● EXERCISE BRIEF
Would you please write out only the lines running from the top of the listing through the one holding "PASSO 03: Posicionar", exactly, with both ends kept and pictures left out?

*** Opening of DATASET CONTENT ***

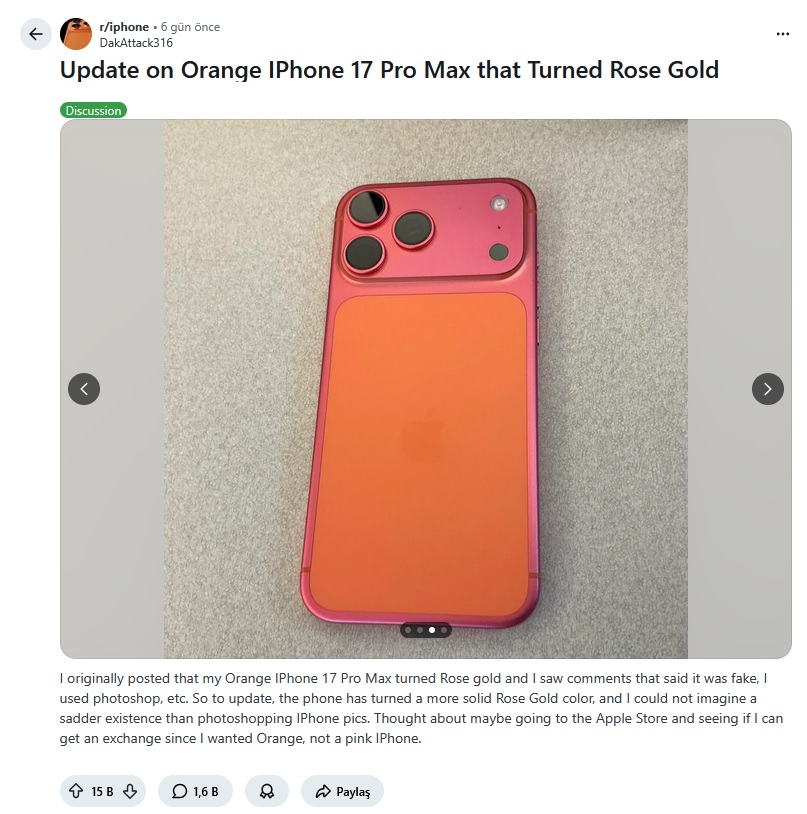 Yukarıdaki fotoğraf, Reddit platformunda, DakAttack316 kullanıcı isimli teknoloji sever tarafından paylaşıldı. Belirttiğine göre kozmik turuncu renkli iPhone 17 Pro’su, zaman geçtikçe rose gold’a dönüşmeye başladı. Bunun bir Photoshop ya da AI yapay zekâ hilesi olmadığını belirten kullanıcı, değişim için Apple ile iletişime geçeceğini de belirtti. Tabii bu fotoğrafın üzerinden birkaç gün geçtiğini belirtmeliyiz. An itibarıyla Apple’dan gelen bir açıklama ise bulunmuyor.
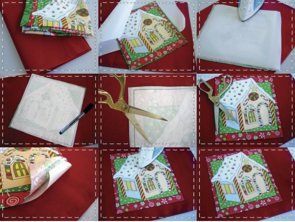 PASSO 03: Posicionar o aplique no tecido principal; colocar e pressionar o ferro por aproximadamente 12 segundos ou até que as superfícies fiquem bem unidas. Mesmo não sendo necessário, se preferir, costurar o aplique para acabamento final.
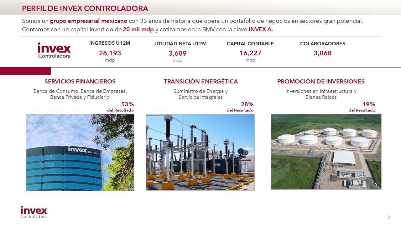INVEX Grupo Financiero es una institución financiera mexicana con una participación relevante en Banca de Empresas, Banca de Consumo y Banca Privada. Ofrece soluciones a inversionistas y empresas que optan por satisfacer sus necesidades financieras respaldados por sus equipos especializadas en cada una de las divisiones. La cercanía con cada uno de sus clientes le permite construir relaciones de valor y sobre todo entender sus necesidades con precisión.
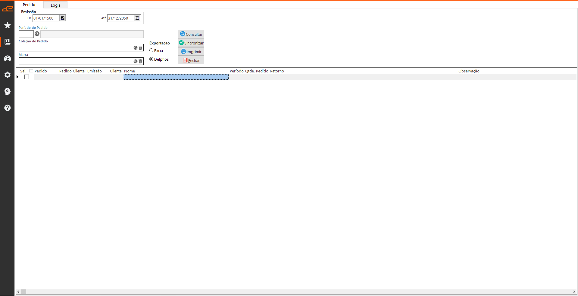 A tela “Exportação de Pedidos” permite exportar os pedidos do ERP para o Delphos e sincronizar as informações entre ambos.

*** Close of DATASET CONTENT ***

● RESPONSE AREA
 Yukarıdaki fotoğraf, Reddit platformunda, DakAttack316 kullanıcı isimli teknoloji sever tarafından paylaşıldı. Belirttiğine göre kozmik turuncu renkli iPhone 17 Pro’su, zaman geçtikçe rose gold’a dönüşmeye başladı. Bunun bir Photoshop ya da AI yapay zekâ hilesi olmadığını belirten kullanıcı, değişim için Apple ile iletişime geçeceğini de belirtti. Tabii bu fotoğrafın üzerinden birkaç gün geçtiğini belirtmeliyiz. An itibarıyla Apple’dan gelen bir açıklama ise bulunmuyor.
 PASSO 03: Posicionar o aplique no tecido principal; colocar e pressionar o ferro por aproximadamente 12 segundos ou até que as superfícies fiquem bem unidas. Mesmo não sendo necessário, se preferir, costurar o aplique para acabamento final.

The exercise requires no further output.